## [ASSIGNED TASK]
An exact copy of every entry is needed, with no images.

Segment Open

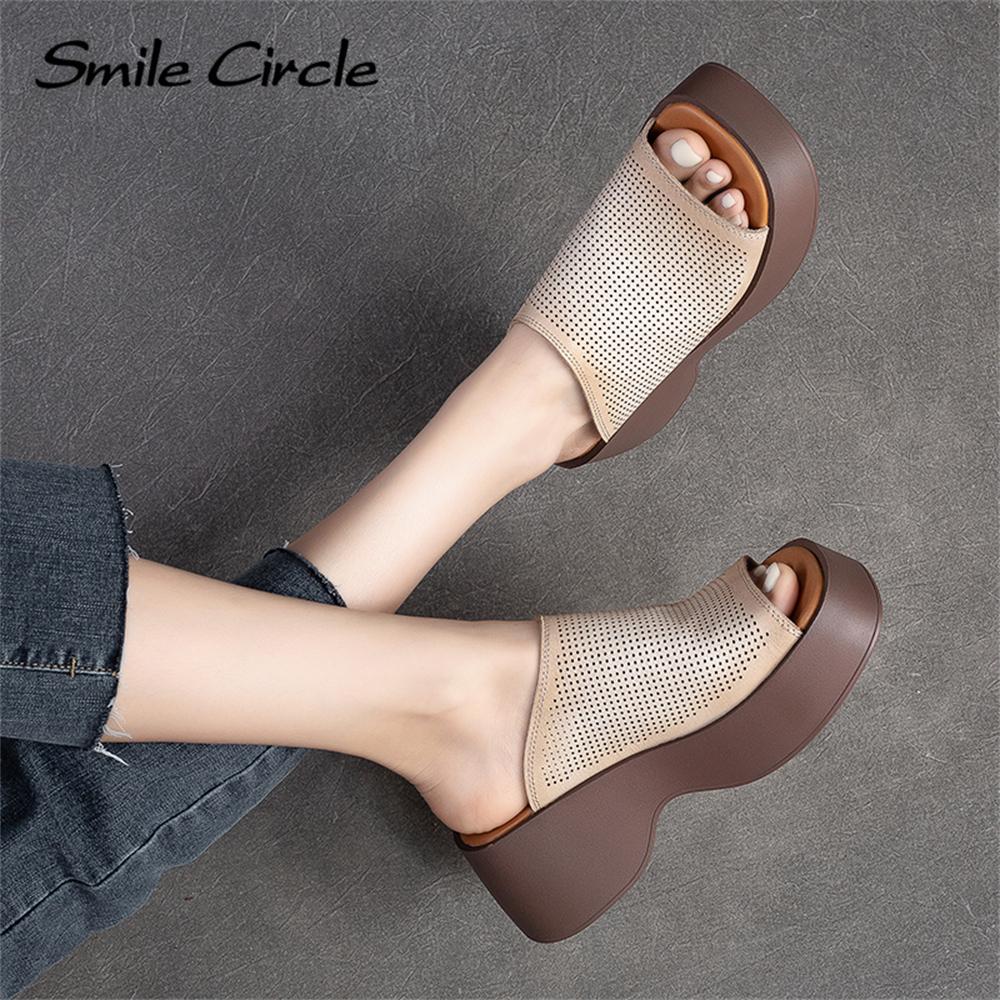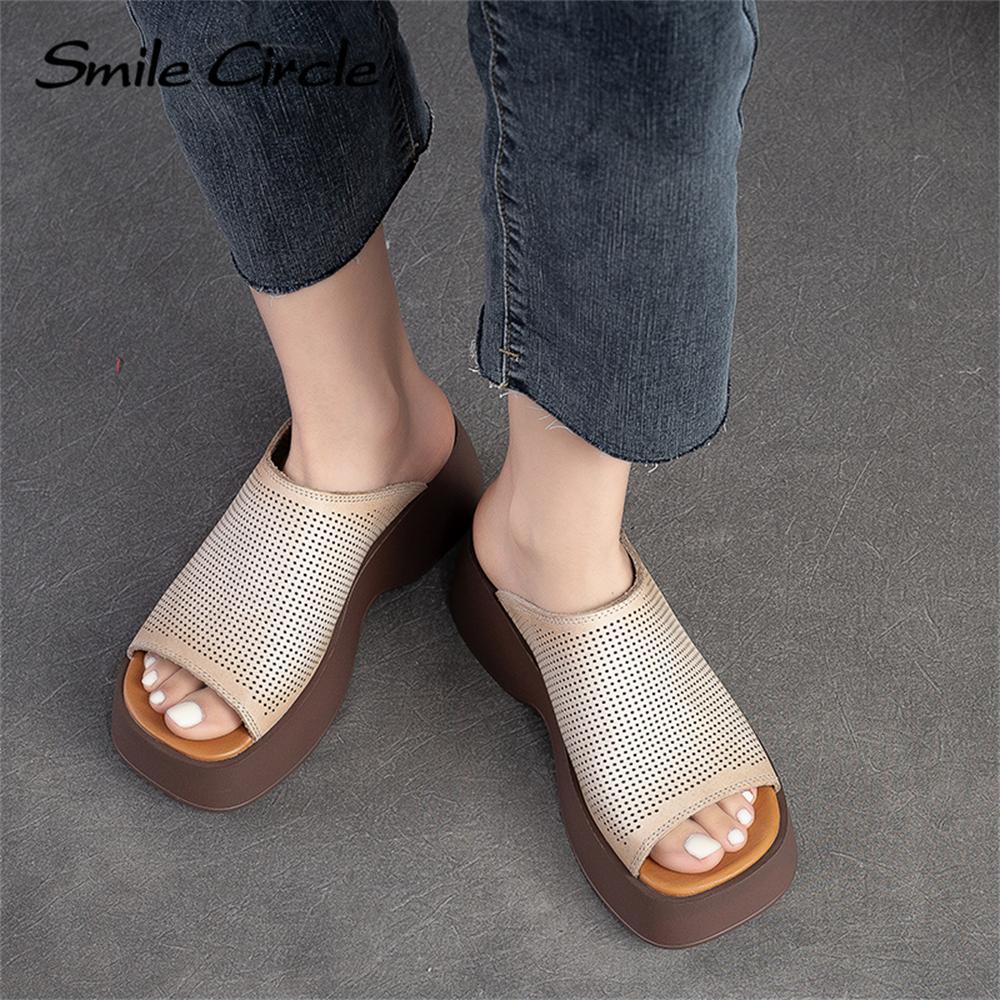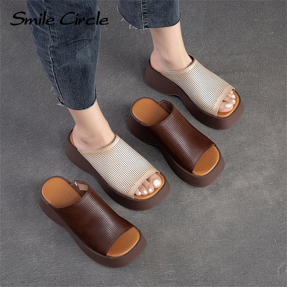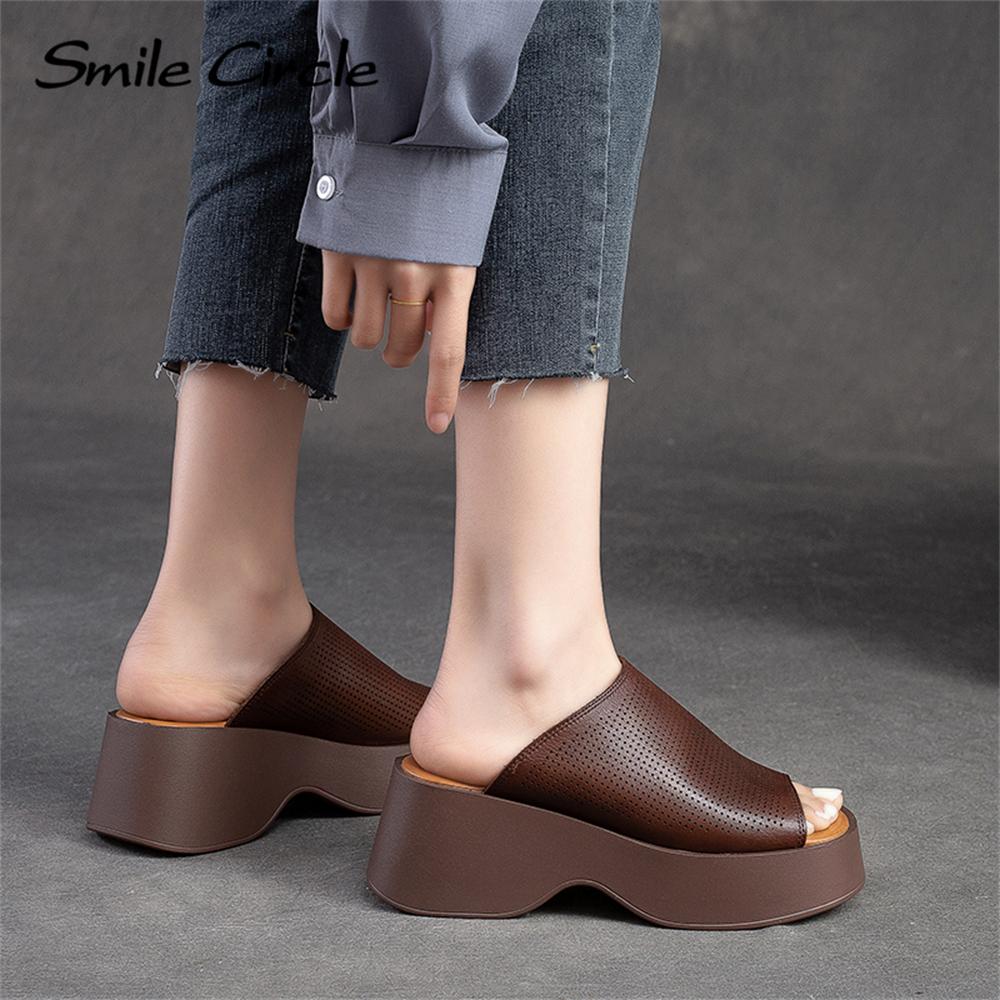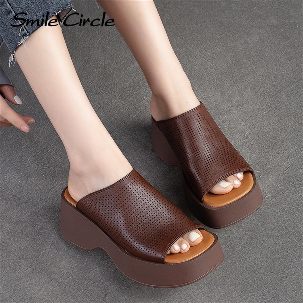 Женские сандалии на массивном каблуке из натуральной кожи, повседневная обувь на толстом каблуке с круглым носком, модная обувь на толстой подошве в стиле ретро
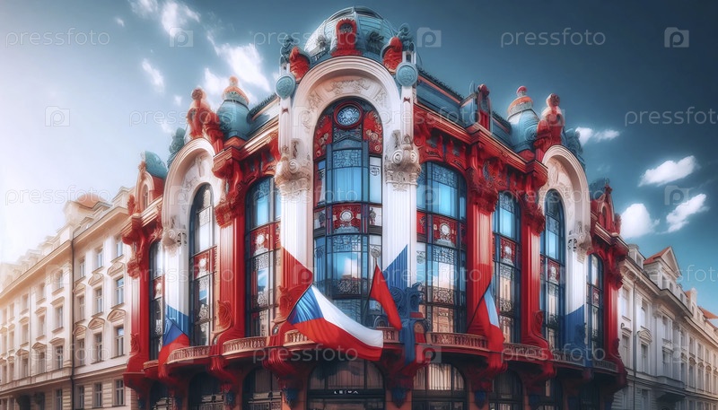 Чешский флаг в архитектуре арт-деко, Ai generated image A
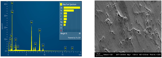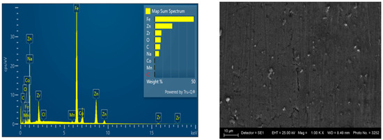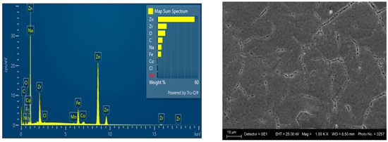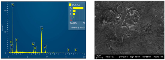 The films’ morphologies and chemical compositions were studied by means of SEM/EDX analyses. The SEM photograph of the sample ZCZ 1 reveals a relatively smooth surface without any visible defects, such as cracks and pores (Figure 3). A great quantity of iron was registered by EDX analysis. Additional peaks corresponding to Zn and Co (originating from the Zn-Co alloy) and Zr, O, C (originating from the oxide film) have also been registered. The increase in the sublayer thicknesses up to 5 µm leads to some morphology and composition changes. Additional small visible cracks are observable (Figure 4). The peak intensity corresponding to iron decreases significantly, while that of Zn increases. In the SEM image of ZCZ 10 coatings, some zones having deeper cracks and various shapes are clearly visible (Figure 5). The samples are composed of the three basic components, which originate from the Zn-Co sublayer and ZrO2 top layer.
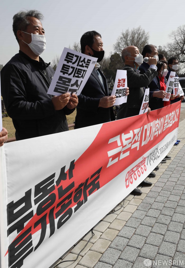 [서울=뉴스핌] 백인혁 기자 = 민중공동행동 관계자들이 29일 오전 서울 종로구 청와대 앞 분수대 광장에서 LH사태에 대한 철저한 진상규명과 근본적 부동산 개혁을 촉구하는 기자회견을 하고 있다. 2021.03.29 dlsgur9757@newspim.com
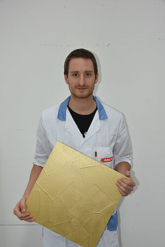 Není všechno zlato, co se třpytí. Občas je to i dřevo. Dřevo, které bylo zušlechtěné novým metalickým efektem betonu od společnosti ADLER, může zářit v nejkrásnějších metalických odstínech na nábytku i v kuchyni. Technik Dominik Schwaiger ze společnosti ADLER vám ukáže krok za krokem, jak vytvořit lesklou, kovově třpytivou směs betonu a zlata.
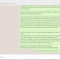 I have called more than 5 of my friends and informed them about Covid-19, various modes of transmission and how to take preventive measures to combat its spread, the steps taken by the Government of INDIA to contain the pandemic with the #21daylockdown and urged them to #stayathome and encourage them to call 5 of their contacts and do the same and keep the chain going on. To reiterate I have also whatsapp them the information and asked them only to follow authentic news published by Press Information Bureau (PIB) or MoHFW.
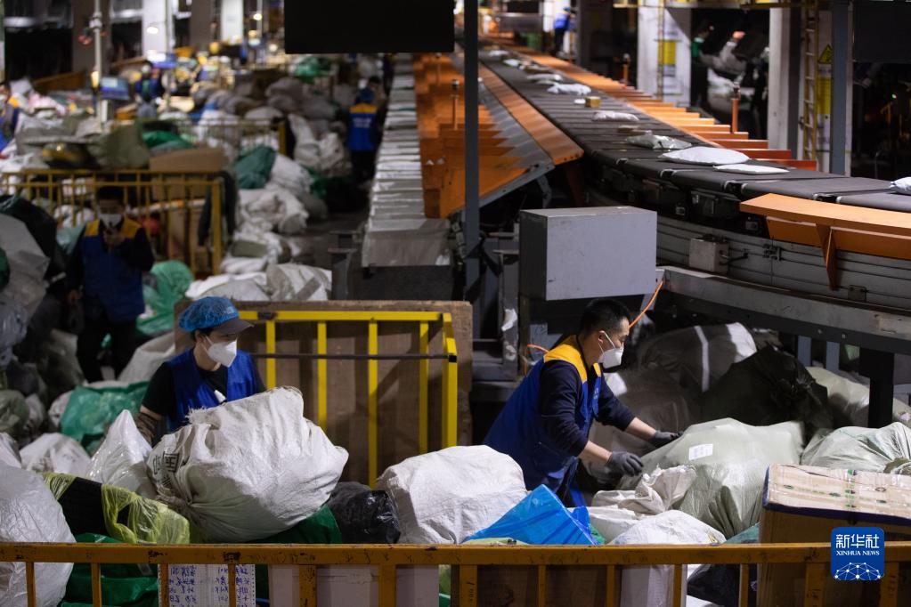 11月10日,工作人員在中國郵政哈爾濱郵區中心局郵件處理中心分揀快遞。
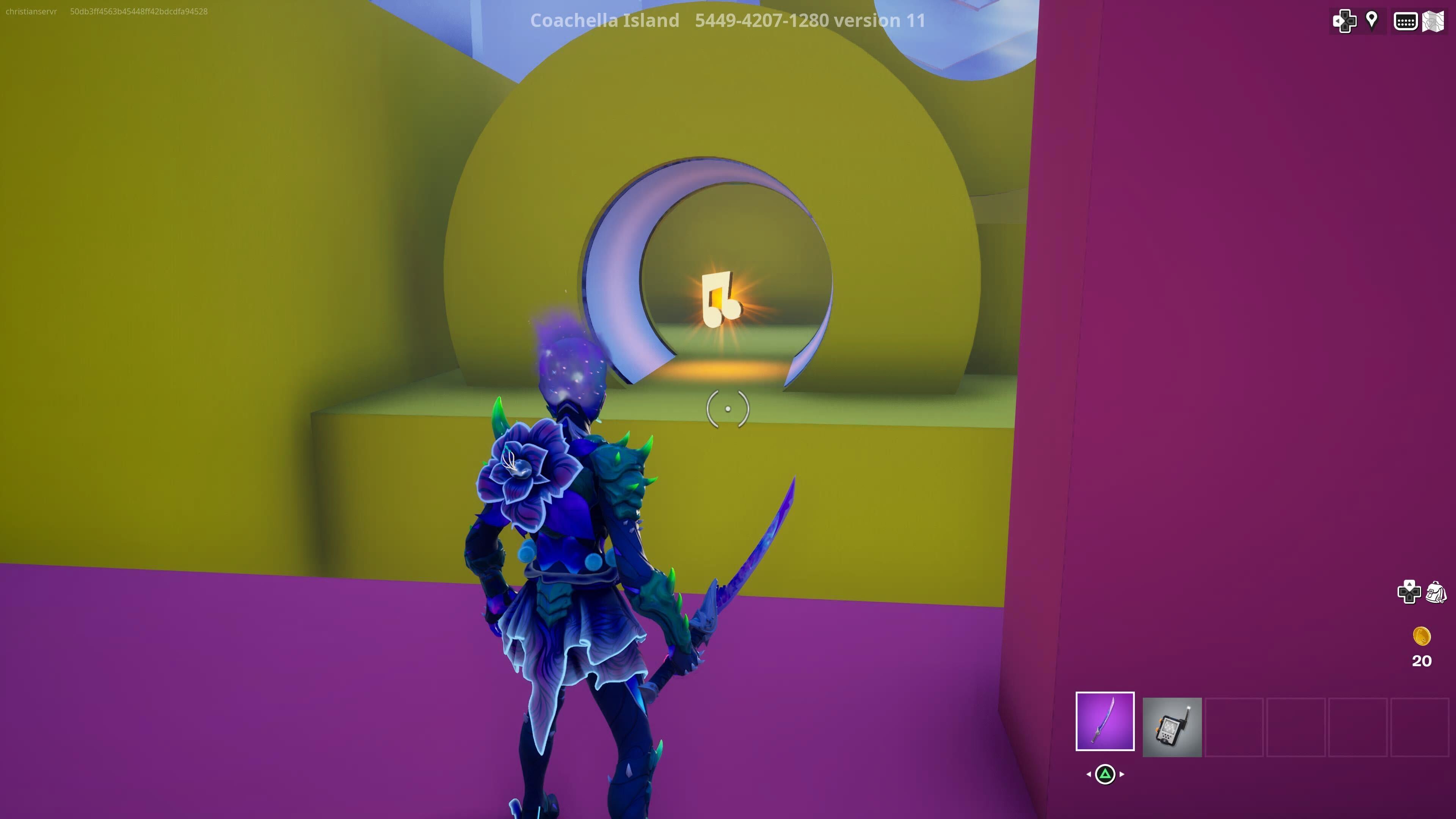 You’re required to find four “Hidden” Music Notes in the Mirage Time Warp on Coachella Island, but there are more than four across the whole experience, so if you miss one, keep going, and you will be fine. You can find the Coachella Island with the Island Code 5449-4207-1280.
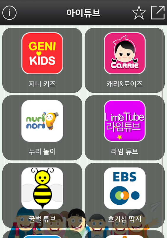 지니 키즈, 캐리와 장난감 친구들, 누리 놀이, 라임 튜브, 꿀벌 튜브, 호기심 딱지(ebs), 뽀로로, 애니킹 등 아이들이 좋아하는 유튜브 영상을 편리하게 볼 수 있도록 모아 놓은 앱입니다.
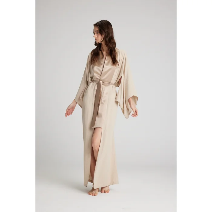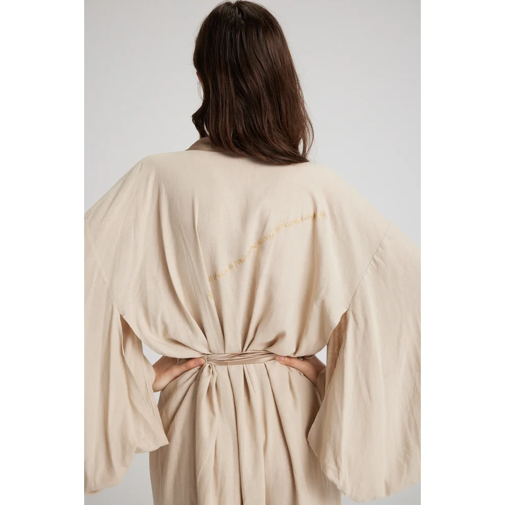 Product: Altın İşlemeli Saten Keten Sabahlık
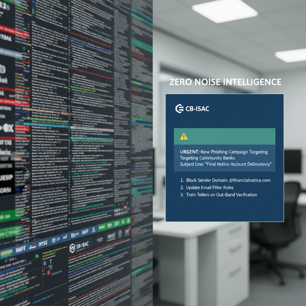 The biggest complaint community banks have with global intelligence feeds is alert fatigue. They receive warnings about SWIFT attacks on central banks or DDoS attacks on Wall Street trading platforms that are irrelevant to them.
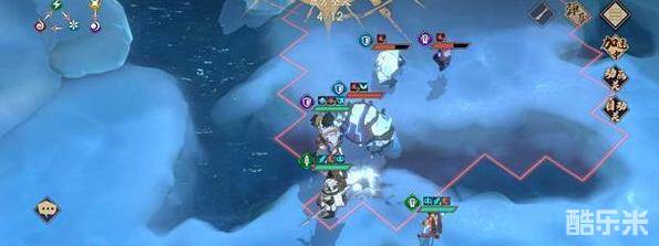 第三回合调整站位,第四回合,注意韩千秀的位置,这个点非常重要,可以卡住BOSS的直线大招而且让BOSS两回合内单点韩千秀,韩千秀要站在这个位置上在给个aoe挂上燃烧
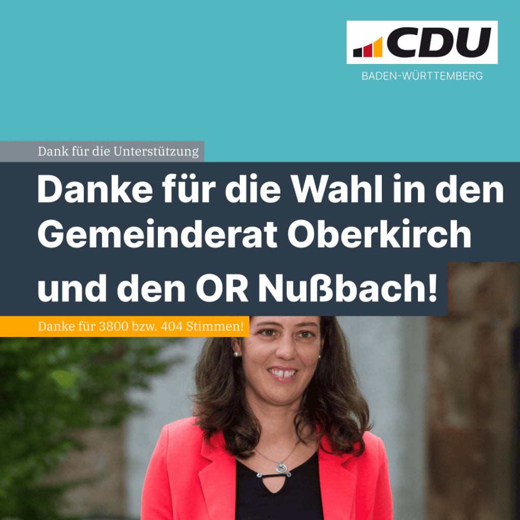 Als Kommunalpolitikerin in der CDU setze ich mich für eine lebenswerte und zukunftsfähige Stadt- und Gemeindeentwicklung in und um Oberkirch ein.

Segment Closed

## [YOUR RESPONSE]
 Женские сандалии на массивном каблуке из натуральной кожи, повседневная обувь на толстом каблуке с круглым носком, модная обувь на толстой подошве в стиле ретро
 Чешский флаг в архитектуре арт-деко, Ai generated image A
 The films’ morphologies and chemical compositions were studied by means of SEM/EDX analyses. The SEM photograph of the sample ZCZ 1 reveals a relatively smooth surface without any visible defects, such as cracks and pores (Figure 3). A great quantity of iron was registered by EDX analysis. Additional peaks corresponding to Zn and Co (originating from the Zn-Co alloy) and Zr, O, C (originating from the oxide film) have also been registered. The increase in the sublayer thicknesses up to 5 µm leads to some morphology and composition changes. Additional small visible cracks are observable (Figure 4). The peak intensity corresponding to iron decreases significantly, while that of Zn increases. In the SEM image of ZCZ 10 coatings, some zones having deeper cracks and various shapes are clearly visible (Figure 5). The samples are composed of the three basic components, which originate from the Zn-Co sublayer and ZrO2 top layer.
 [서울=뉴스핌] 백인혁 기자 = 민중공동행동 관계자들이 29일 오전 서울 종로구 청와대 앞 분수대 광장에서 LH사태에 대한 철저한 진상규명과 근본적 부동산 개혁을 촉구하는 기자회견을 하고 있다. 2021.03.29 dlsgur9757@newspim.com
 Není všechno zlato, co se třpytí. Občas je to i dřevo. Dřevo, které bylo zušlechtěné novým metalickým efektem betonu od společnosti ADLER, může zářit v nejkrásnějších metalických odstínech na nábytku i v kuchyni. Technik Dominik Schwaiger ze společnosti ADLER vám ukáže krok za krokem, jak vytvořit lesklou, kovově třpytivou směs betonu a zlata.
 I have called more than 5 of my friends and informed them about Covid-19, various modes of transmission and how to take preventive measures to combat its spread, the steps taken by the Government of INDIA to contain the pandemic with the #21daylockdown and urged them to #stayathome and encourage them to call 5 of their contacts and do the same and keep the chain going on. To reiterate I have also whatsapp them the information and asked them only to follow authentic news published by Press Information Bureau (PIB) or MoHFW.
 11月10日,工作人員在中國郵政哈爾濱郵區中心局郵件處理中心分揀快遞。
 You’re required to find four “Hidden” Music Notes in the Mirage Time Warp on Coachella Island, but there are more than four across the whole experience, so if you miss one, keep going, and you will be fine. You can find the Coachella Island with the Island Code 5449-4207-1280.
 지니 키즈, 캐리와 장난감 친구들, 누리 놀이, 라임 튜브, 꿀벌 튜브, 호기심 딱지(ebs), 뽀로로, 애니킹 등 아이들이 좋아하는 유튜브 영상을 편리하게 볼 수 있도록 모아 놓은 앱입니다.
 Product: Altın İşlemeli Saten Keten Sabahlık
 The biggest complaint community banks have with global intelligence feeds is alert fatigue. They receive warnings about SWIFT attacks on central banks or DDoS attacks on Wall Street trading platforms that are irrelevant to them.
 第三回合调整站位,第四回合,注意韩千秀的位置,这个点非常重要,可以卡住BOSS的直线大招而且让BOSS两回合内单点韩千秀,韩千秀要站在这个位置上在给个aoe挂上燃烧
 Als Kommunalpolitikerin in der CDU setze ich mich für eine lebenswerte und zukunftsfähige Stadt- und Gemeindeentwicklung in und um Oberkirch ein.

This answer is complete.